There was even a picture of Race’s classic Mustang as it burned to nothing but a twisted scrap heap of melted metal and rubber.

The guy was vengeful and liked to witness the effects of his handiwork up close and personal. Unfortunately he knew how the good guys worked, so while there was plenty of evidence that he had been present for all these dirty deeds on his end, there was nothing on ours that showed him. Roark knew how to avoid cameras, knew how to blend into the background, and knew enough to keep from getting caught while he pulled strings in the background like a demented puppet master.

I flipped through the hundreds of messages that he had exchanged with Reeve over the last few months. There was nothing unusual in the exchanges. They were flirty and fun. She seemed to really like the dirty fed. She told him she missed him when he had to go back into the city during the week. She thanked him profusely for not judging her by her past actions. She told him that he made her feel special and safe.

He responded with flip answers and easy reassurances. He told her she was beautiful, that she was gorgeous, that she was a prize. While Reeve spoke to him like a woman in the first stages of falling in love, Roark replied like a man with a trophy he was eager to show off and flaunt. His title and his badge had done a lot to win her over, her looks had done everything to convince him to break protocol and take her to bed. I understood the temptation.

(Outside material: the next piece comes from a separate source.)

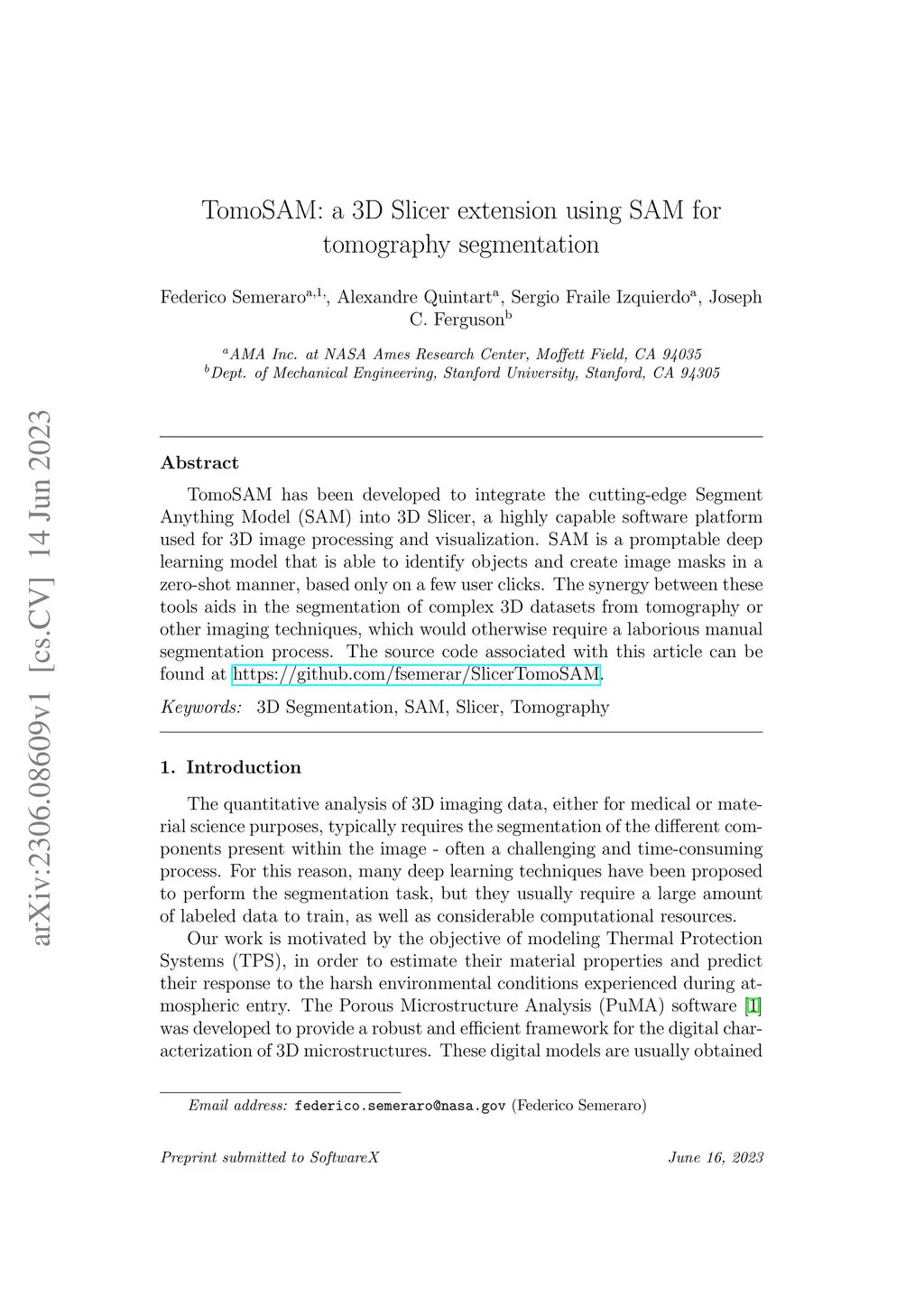 TomoSAM: a 3D Slicer extension using SAM for tomography segmentation

It was the newer messages, the ones leading up to the fire at the club, that were the most interesting. Reeve had grown up in the Point and had lost a sister to the vicious and unforgiving ways of the streets. She was not only street-smart but also had keen instincts for danger. She started texting him about where he was going on the weekends and why he wouldn’t talk to her about what he was up to. She asked why he was in the Point for reasons that had nothing to do with work. She asked him why his phone was going off at weird times during the night. It wasn’t uncommon for a cop but she seemed to know something wasn’t tracking. She asked him who Zero was and why had he shown up at her place in the secure location looking for him. It was clear she knew something was off and that Roark wasn’t who he claimed to be.

He tried to put her off. He texted that he was in the middle of a top-secret case, that it was high profile, and he smoothly apologized for all the secrecy and double talk. He promised to take her somewhere tropical and warm as soon as the trial for the rest of Novak’s crew was over, and when none of that seemed to pacify her he broke out the big guns and told her that he loved her. That shut her down for exactly one day. She told him she loved him back and then went silent.

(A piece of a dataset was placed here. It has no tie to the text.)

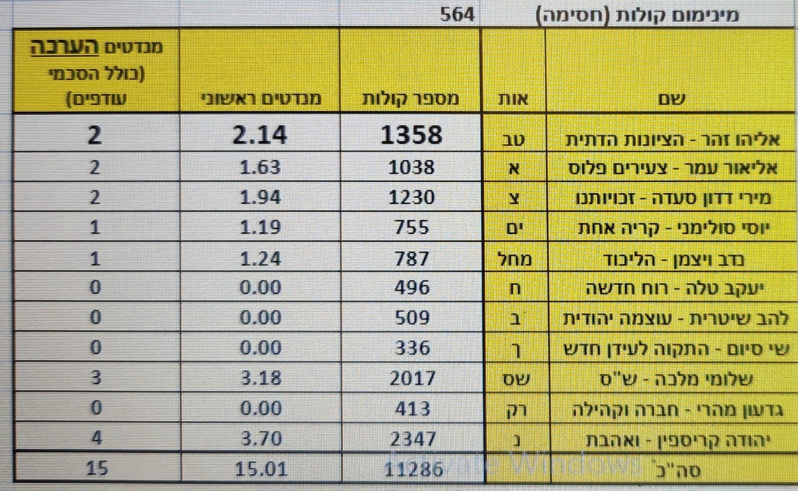 כך מסתמנת חלוקת המנדטים למועצת העיר נכון לשעה זו:

After the declaration there were no more messages between the two of them but there were several between Zero and Roark. He had his goons watching Brysen and Dovie. He also had eyes on Spanky’s, the strip club that was now the de facto operating headquarters for Nassir since the Pit was gone. Spanky’s was also where a stripper named Honor danced, and if anyone cared to watch closely enough, they would see that if Nassir had any kind of weakness, it was her. The texts indicated that whatever was driving Roark was amping up to bring the fight right to the heart of those willing to stand sentinel between him and his revenge, and all that could mean was that things were going to get uglier and bloodier before I could put a stop to it.

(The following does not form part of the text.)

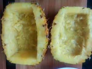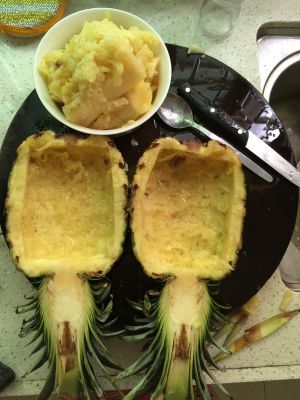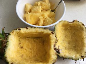 之前还有一步,烤箱180度,15分钟烤菠萝碗和盖子,主要是烤干水份!

The texts stopped because it was apparent that the next time Roark saw Reeve she snagged his phone and headed back to the city in order to hand it over to me. She saw his profession of love for what it was, a smoke screen, and had done what she had done since the first time I had met her. She was covering her own ass and I bet Roark was smart enough to know that his cover as a good guy, as a member of law enforcement, was blown as soon as the phone came up missing. I would wager my left nut that the fed had gone into hiding and that I wasn’t the only one that would be looking for him. I made a mental note to put a call in to the marshals to see just how much they knew about their dirty agent.